ElasticSearch version is v1.0.1.
ES will get the shard id by hash(routing)%num of shards, in your case,
there are only 167 distinct values but have 128 shards, I think it's highly
possible there is less than 128 distinct hash values. So some of the shard
will not have any data.
Kevin
On Wednesday, March 26, 2014 9:30:36 PM UTC+11, Han JU wrote:
Hi,
We've indexed 25M documents into a single index of 128 shards with 1
replica.
The routing parameter is set to a path in the document, which is an int
value:
_routing: {
path: "some_id"
required: true
}
In out 25M documents, there's 167 distinct values of this "some_id" and in
our expectation, Elasticsearch will route these documents evenly across all
shards.
But we've found out that, out of 128 shards, there are 53 empty shards
(with 0 document inside), or, 40% of the shards are not used at all.
My question:
is this normal? Do we miss something in configuring routing?
does this imbalanced shard utilization affect indexing speed?
We can confirm that all documents are correctly indexed and routing works
(when searching with routing only 1 shard responds with the correct answer).
Elasticsearch version is v1.0.1.
As far as I know, in Java, basic hash value of positive int/long value is
just themselves (our ids are small values like 1125, 345 etc).
So I calculated some_id % 128, and I got 116 distinct values. But in
reality there's a lot less shards in use.
Does Elasticsearch use some special hash function?
在 2014年3月26日星期三UTC+1上午11时39分15秒,Kevin Wang写道:
ES will get the shard id by hash(routing)%num of shards, in your case,
there are only 167 distinct values but have 128 shards, I think it's highly
possible there is less than 128 distinct hash values. So some of the shard
will not have any data.
Kevin
On Wednesday, March 26, 2014 9:30:36 PM UTC+11, Han JU wrote:
Hi,
We've indexed 25M documents into a single index of 128 shards with 1
replica.
The routing parameter is set to a path in the document, which is an int
value:
_routing: {
path: "some_id"
required: true
}
In out 25M documents, there's 167 distinct values of this "some_id" and
in our expectation, Elasticsearch will route these documents evenly across
all shards.
But we've found out that, out of 128 shards, there are 53 empty shards
(with 0 document inside), or, 40% of the shards are not used at all.
My question:
is this normal? Do we miss something in configuring routing?
does this imbalanced shard utilization affect indexing speed?
We can confirm that all documents are correctly indexed and routing works
(when searching with routing only 1 shard responds with the correct answer).
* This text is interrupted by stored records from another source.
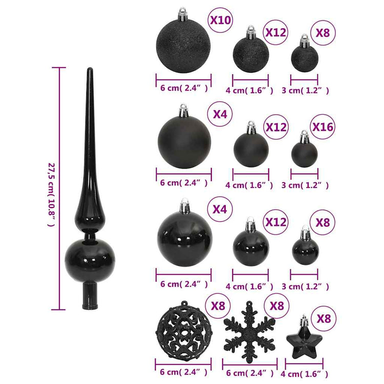 HKH Conjunto de 111 Enfeites de Natal em Poliestireno - Preto
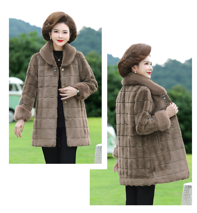 仿貂绒大衣中长款,老太太衣服妈妈冬装洋气毛领外套TYWF-A942EBAA233
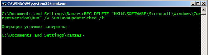 - В открывшейся консоли пропиши те следующую команду: REG DELETE "HKLM\SOFTWARE\Microsoft\Windows\CurrentVersion\Run" /v SunJavaUpdateSched /f

Elasticsearch version is v1.0.1.
There are two hash functions
implementation org.elasticsearch.cluster.routing.operation.hash.djb.DjbHashFunction
and org.elasticsearch.cluster.routing.operation.hash.simple.SimpleHashFunction,
default is DjbHashFunction. You can try get the hash by
using DjbHashFunction.DJB_HASH(you id)
On Wednesday, March 26, 2014 9:49:10 PM UTC+11, Han JU wrote:
Thanks for your reply.
As far as I know, in Java, basic hash value of positive int/long value is
just themselves (our ids are small values like 1125, 345 etc).
So I calculated some_id % 128, and I got 116 distinct values. But in
reality there's a lot less shards in use.
Does Elasticsearch use some special hash function?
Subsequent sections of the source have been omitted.